Try different time ranges and other filters to find your best base for the analysis.
You can get different anomalies for the same period, depending on the baseline (time range) you set. For example, if your anomaly baseline spans two years (2021 and 2022), the expected range is calculated based on the data from these two years. If your baseline is just six months (Jan 2022–June 2022), the expected range takes into account the data only from these six months. Both baselines include the first half of the year 2022. However, because of a different baseline span, the anomalies found by Insights in these periods can be different.

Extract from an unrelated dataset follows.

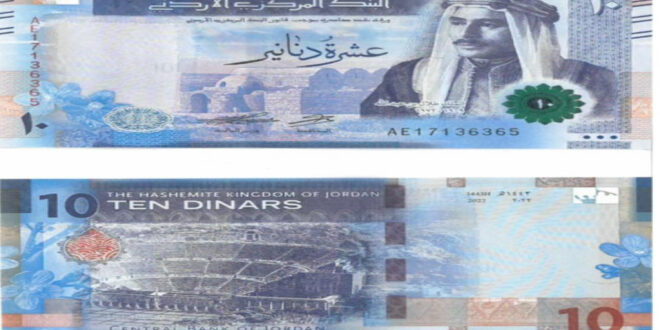 الأول نيوز – أعلن البنك المركزي الأردني عن بدء طرح فئة العشرة دنانير/ الإصدار الخامس في التداول، والتي يزين وجهها صورة جلالة المغفور له الملك طلال بن عبد الله طيب الله ثراه، اعتباراً من اليوم الاربعاء الموافق 26 تموز 2023 جنباً إلى جنب مع فئة العشرة دنانير/ الإصدار الرابع.

To zoom in and out the charts, drag and drop the dots at the edge of the gray slide at the bottom of each chart. This lets you adjust the time range you want to look at without changing the baseline. You can also move the selected range along the slide. To do it, drag and drop the middle of the selected range.
Benchmarks
Gain insight into the market behavior and compare your subscription business with other businesses operating on the Cleverbridge customer lifetime value (CLV) platform.
Metrics in Benchmarks include only subscription business; all one-time sales are excluded.
The analyzed time frame is always past 12 months. The data is presented on two tabs:
- As an overview, cumulatively for the past 12 months.
- As a trend, presenting each month values for your business and for cohort median.
The cohort includes all the businesses within the set market traits. Market traits work similarly to filters and include:
- Client - only one client can be selected at a time
- Currency
- ARR
- Business Category
- AOV
- Industry
- Region
Fine-tuning
Adjust the market characteristics to your situation, so you get a meaningful comparison of your performance. In other words, model a business segment that you want to be compared to by adjusting the market traits of the cohort.
A client selling yearly-billed subscription products, operating in a B2B model, with ARR reaching above 10 million EUR, wants to check how other businesses in his segment are performing.
The client specifies the following cohort traits:
- Client: only one client can be selected at a time
- Currency: EUR
- ARR: Above 10 million
- Business Category: B2B
- AOV: ALL
- Industry: ALL
- Region: ALL
The client’s score is marked in blue.
The charts show a big divergence in the compared businesses. The span between the client’s ARR and the highest (upper) ARR present in the cohort creates a disproportional comparison. The client sees a similar lack of proportion also on the Orders and AOV charts. Therefore, further tuning of the cohort is needed.
The client sees the biggest divergence among AOV, so they narrow down that trait to compare their KPIs to other businesses within the AOV range between 30–99 EUR.
Now the traits are relevant, and the cohort is adjusted to the client’s situation. Moreover, the analysis shows the client performs better than the cohort median.
When the client changes the view to Trends, they can compare their own score with the cohort median per each month.
To find your best fit in the cohort, perform a similar tuning.